Деньги лежали чуть ли не на виду, и взять их не составляло труда. Любой человек, забравшийся в дом и знавший об их существовании, нашел бы их в два счета. Деньги перепрятали, и лишь после этого Дорогин сел в гостиной, разжег камин и принялся размышлять. Он пытался понять, откуда бандитам стало известно, что Рычагов решил переправить деньги.
"Значит, скоро они пожалуют сюда, надо ждать Чекана в гости. И естественно, этот приедет не один, а со своими головорезами. Но как он начнет действовать? Хотя как действуют бандиты — будут мучить, будут выкручивать пальцы, станут дробить суставы… В общем, они сделают то, что сделали с Резаным, пытаясь добраться до общака.
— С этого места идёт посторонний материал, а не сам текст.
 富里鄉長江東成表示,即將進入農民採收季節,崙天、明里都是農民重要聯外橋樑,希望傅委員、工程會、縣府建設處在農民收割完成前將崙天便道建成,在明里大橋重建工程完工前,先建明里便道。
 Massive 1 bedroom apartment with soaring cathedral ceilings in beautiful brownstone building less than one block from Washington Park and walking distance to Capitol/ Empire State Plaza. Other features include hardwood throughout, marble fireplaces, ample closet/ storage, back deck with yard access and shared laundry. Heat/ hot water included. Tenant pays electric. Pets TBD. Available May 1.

Резаный бандитам ничего не сказал".
Какие бандиты ищут деньги, для Дорогина оставалось загадкой. Может, это те же, которые убили Резаного, а может, это Чекан со своими людьми. Все может быть, все, что угодно, можно предположить. А может, это даже милиция действовала по наводке Чекана. С Фишером я не разговаривал, информация у меня неполная. Как было на самом деле, я не знаю, и составить точную картину действий я не могу. То, что здесь оставаться небезопасно, это точно, Сергей это почувствовал, почувствовал собственной шкурой, спинным мозгом. Но страха в классическом понимании он не испытывал, было жалко лишь одного: что он, Сергей Дорогин, не успел оплатить все векселя и поставил под угрозу жизнь Рычагова, человека, который его спас.
— Что делать? Что делать? — метался Рычагов по просторной гостиной.
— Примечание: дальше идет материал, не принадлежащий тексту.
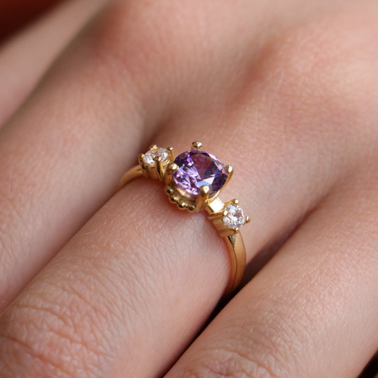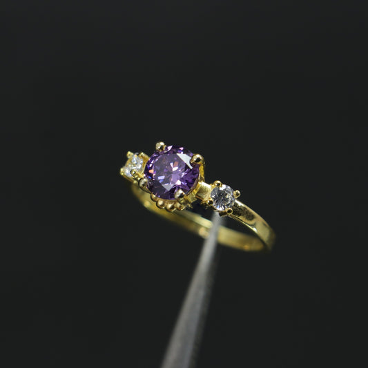 18 Carat Gold Plated 925 Silver Ring with Amethyst Stone

— Есть два способа, — спокойно сказал Дорогин, протягивая руки к огню, пылавшему в камине.
— Какие? — с надеждой спросил Рычагов, замирая возле стола.
Дорогин с глубокомысленным видом произнес:
— Способ первый: ничего не делать. Жить, как жил, делать вид, будто ничего не произошло. Резать больных, готовиться к Новому году.
Рычагов вздохнул:
— Это я и без тебя знаю.
— А если знаешь, то чего спрашиваешь?
— А второй вариант? — с надеждой в голосе спросил Рычагов.
— Второй вариант — схватить сумку с деньгами, документы и сделать ноги, как можно быстрее и как можно дальше. Но учти, — тут же продолжил Дорогин, — в таком случае за тобой устроят погоню, и не успеешь ты приехать на вокзал, как там тебя уже встретят, помогут сумочку донести.
— А что-нибудь другое?
— Это все.
Рычагов медленно опустился прямо на ковер и сел, обхватив голову руками.
— Какого черта я с тобой связался? Ведь была же у меня нормальная жизнь, все у меня было.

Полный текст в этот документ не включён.